Com muitas pessoas em quarentena e a cidade vazia, restam nas ruas de São Paulo os desabrigados, que só podem voltar ao albergue à noite e passam o dia perambulando pelas calçadas ou à procura de um ganha pão. O morador de rua Maycon, de 34 anos, ganha a vida vendendo água, pano, distribuindo panfleto no farol ou montando palco em dia de grandes eventos. Mas tudo parou após a pandemia do novo coronavírus.
“Pessoal está com medo de chamar para bico. Antes do coronavírus, vinham até o albergue buscar a gente para trabalhar. Até os que pagavam 50 reais para eu trabalhar 10 horas por dia carregando peso não estão vindo mais”, conta ele, que agora depende exclusivamente de doações e do Bolsa Família para sobreviver. “A coisa está feia até para o pedinte, porque as pessoas estão com medo de se aproximar. Está difícil viver nesse caos”, completa.
Richard, de 30 anos, está na mesma situação: ele vendia pano no semáforo, mas está sem conseguir trabalhar pela falta de movimentação. “Faz uma semana e meia que estou assim, sem dinheiro”, afirma. Para além do lado financeiro, ele trata um câncer no estômago e tem medo de a baixa imunidade lhe deixar ainda mais vulnerável à infecção pelo coronavírus.
O coordenador da Pastoral do Povo de Rua de São Paulo, padre Júlio Lancellotti, organiza doações para moradores de rua todos os dias na Paróquia de São Miguel Arcanjo, na zona leste da cidade, e relata que há muitos jovens querendo voltar para a família neste momento. “É dramático ver o sofrimento. Um deles me questionou: ‘a gente já vive no meio de tanta desgraça… será que vamos sofrer com isso também?’.” O religioso analisa que a pandemia minou diversos setores da economia informal da qual a população de rua se sustenta.
“Com a menor circulação de carros, eles não estão conseguindo trabalhar em estacionamento, limpeza de retrovisores ou lava-rápidos. Está tendo também uma redução grande no número de doação de alimentos à noite para aqueles que dormem na rua”, explica. “O coronavírus está pesando muito sobre essas pessoas. Sem contar que eles não têm como e onde estocar alimentos”, completa.
Visando amenizar esse impacto negativo, a Defensoria Pública da União lançou na quarta-feira, 18, um ofício com recomendações emergenciais à Secretaria de Assistência e Desenvolvimento Social (Smads).
“A peculiar situação das pessoas que se encontram em situação de rua demanda cuidados especiais, sobretudo se considerarmos o altíssimo poder de transmissibilidade da doença, bem como o fato de que, não raramente, tais indivíduos são portadores de doenças pré-existentes que os qualifica justamente como grupo de risco”, alegam os defensores no documento.

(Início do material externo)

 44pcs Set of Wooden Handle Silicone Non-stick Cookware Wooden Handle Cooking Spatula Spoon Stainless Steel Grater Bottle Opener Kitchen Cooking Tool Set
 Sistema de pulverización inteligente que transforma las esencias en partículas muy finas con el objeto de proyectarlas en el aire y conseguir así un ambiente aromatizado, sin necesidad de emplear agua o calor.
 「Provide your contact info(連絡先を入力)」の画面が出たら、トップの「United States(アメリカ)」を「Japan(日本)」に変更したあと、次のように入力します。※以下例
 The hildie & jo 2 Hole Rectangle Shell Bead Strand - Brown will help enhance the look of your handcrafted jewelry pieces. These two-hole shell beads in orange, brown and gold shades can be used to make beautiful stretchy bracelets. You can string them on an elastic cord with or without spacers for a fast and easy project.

A cartilha contém oito sugestões, solicitando o reforço da higiene, o fornecimento de alimentos e o uso de espaços públicos educacionais e esportivos fechados para abrigar a população de rua. Enquanto isso, o Ministério Público do Estado de São Paulo sugeriu via ofício na segunda-feira, 16, a realização de obras emergenciais para reforçar a baixa ventilação natural dos albergues, já que muitos carecem de janelas e a falta de aeração pode aumentar a disseminação de doenças infectocontagiosas. Ao todo, o município conta com 89 centros de acolhimento, totalizando 17,2 mil vagas.
Procurada pela reportagem, a Smads informou apenas que “recebeu as duas notificações e prestará os esclarecimentos solicitados”. Maycon e Richard, porém, contam que não presenciaram obras e continuam sem acesso a locais públicos para se abrigar. Na quinta-feira, 19, ativistas da Pastoral do Povo de Rua flagraram policiais da Guarda Civil Metropolitana coagindo moradores de rua, em busca de isolamento, a saírem do parque da Mooca.

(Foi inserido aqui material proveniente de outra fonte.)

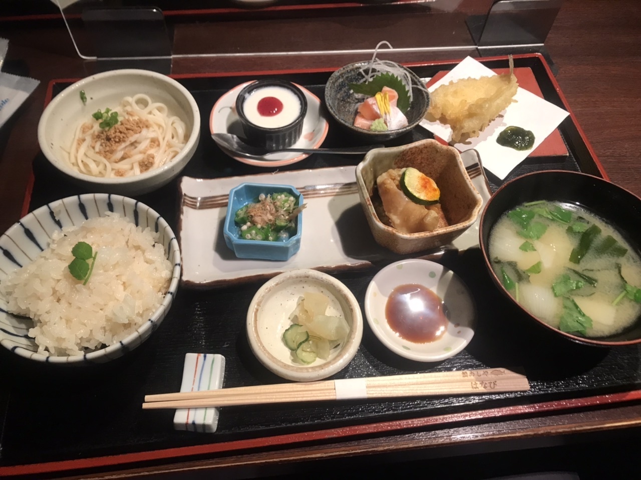 JR福島駅近くにある鯛めしの店です。ランチで利用。昼ははなび御膳1100円のみ。220円増しで鯛茶漬けセットが付きます。ご飯はおかわり自由です。小鉢や刺身、麺などもあり、お手頃価格で上品なな御膳です。駐車場ありません。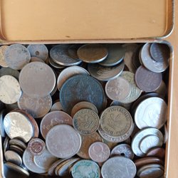 Ett parti med blandade mynt från olika länder och årtal. Innehåller bland annat svenska 50 öre från 1953, 5 öre från 1966, 2 öre från 1964, 1 öre från 1972, 25 öre, 10 öre, 5 öre, 2 öre, 1 öre. Finska 10 markkaa. Danska mynt med Frederik. Tyska mynt. Brittiska mynt med Elizabeth.
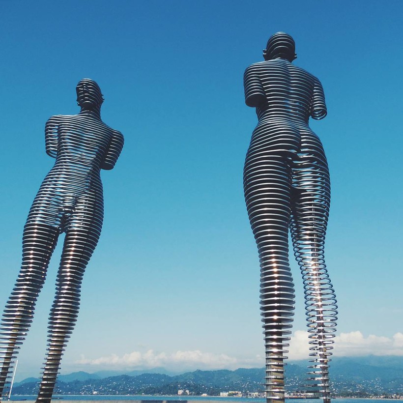 «Мужчина и женщина» — это 8-метровые движущиеся стальные скульптуры, созданные грузинским скульптором Тамарой Квеситадзе. Расположенные в приморском городе Батуми фигуры представляют собой азербайджанца-мусульманина Али хана и грузинскую княжну Нино — героев знаменитого романа 1937 года азербайджанского писателя Курбана Саида. Трагическая история любви заканчивается расставанием влюбленных из-за вторжения Советской России.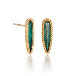 These earrings feature elongated green tourmaline teardrops, gracefully framed by a golden weave, capturing the essence of classic elegance with a distinctive twist.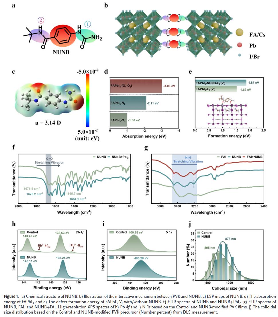 设计空间柔性多位点钝化剂NUNB:通过不对称结构和多个活性位点(C=O/N–H)实现与Pb²⁺的配位和与FA⁺/MA⁺的氢键作用,协同钝化缺陷并调控结晶过程。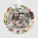 Célébrez votre premier Noël en couple marié avec cet élégant ornement de fleurs boho en fer à repasser photo. La couronne a des fleurs bordeaux, roses et oranges chaudes avec des accents de feuillage vert. Facile à customiser avec vos noms et votre année sur le devant et votre photo sur le dos.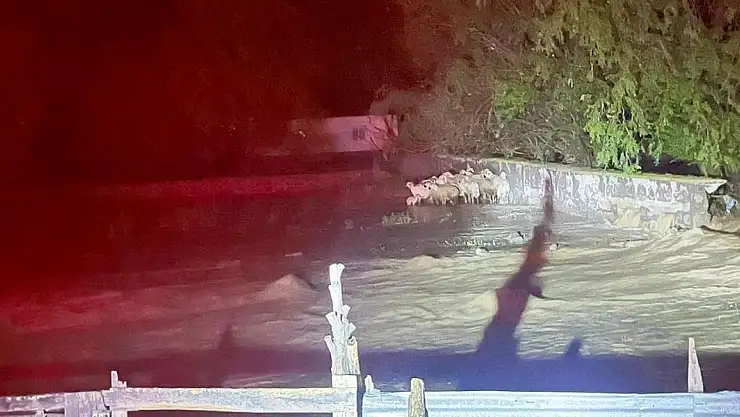 Konya'nın Kulu ilçesinde şiddetli yağmurun oluştuğu selde küçükbaş hayvanların bulunduğu duvar yıkılırken, hayvanlar ekipler tarafından kurtarıldı.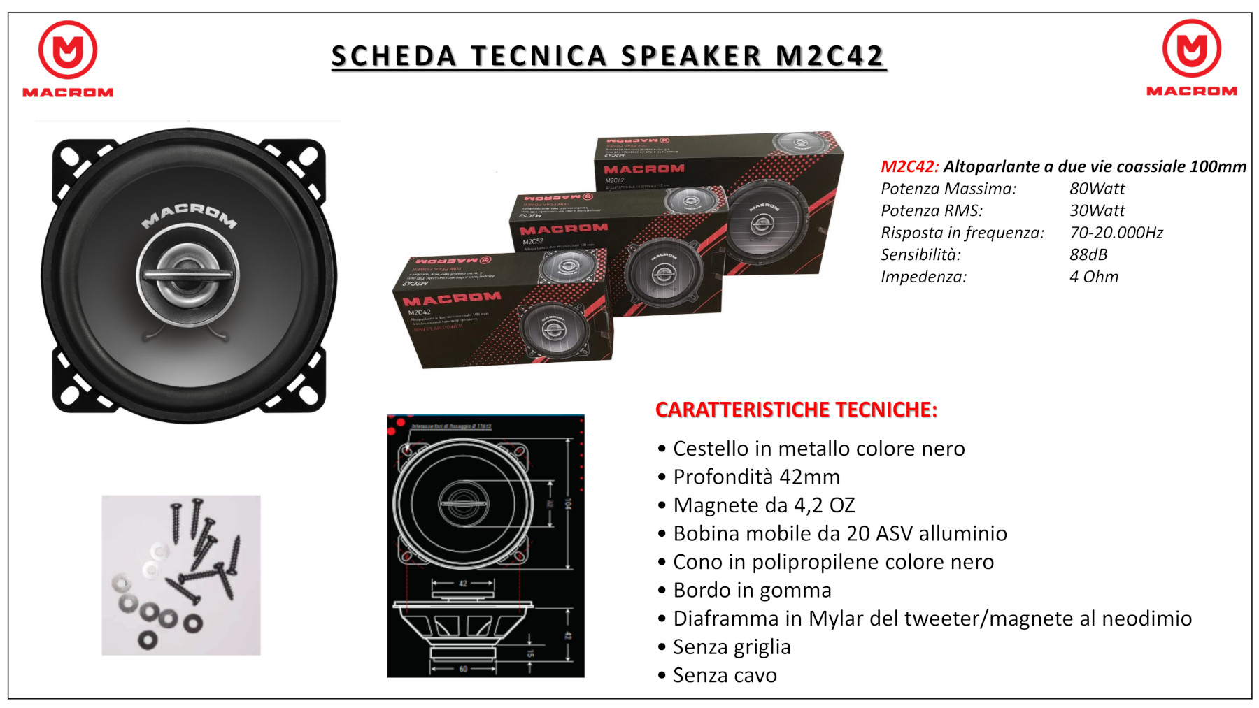 Il cono in Polipropilene e la sospensione in gomma forniscono un SPL elevato e una risposta estesa alle basse frequenze, per ottenere un suono ricco quando pilotato dall’unità principale OEM.

Enquanto as iniciativas mais estruturais não são tomadas, moradores de rua contam que dependem apenas da Pastoral do Povo de Rua e outras ONGs para conseguir insumos e retaguarda fora dos albergues. A organização católica abriu a Casa de Oração do Povo da Rua, no centro de São Paulo, para acolher em regime de quarentena os desabrigados com suspeita do coronavírus. O local tem capacidade para receber, com o devido isolamento, até 50 pessoas.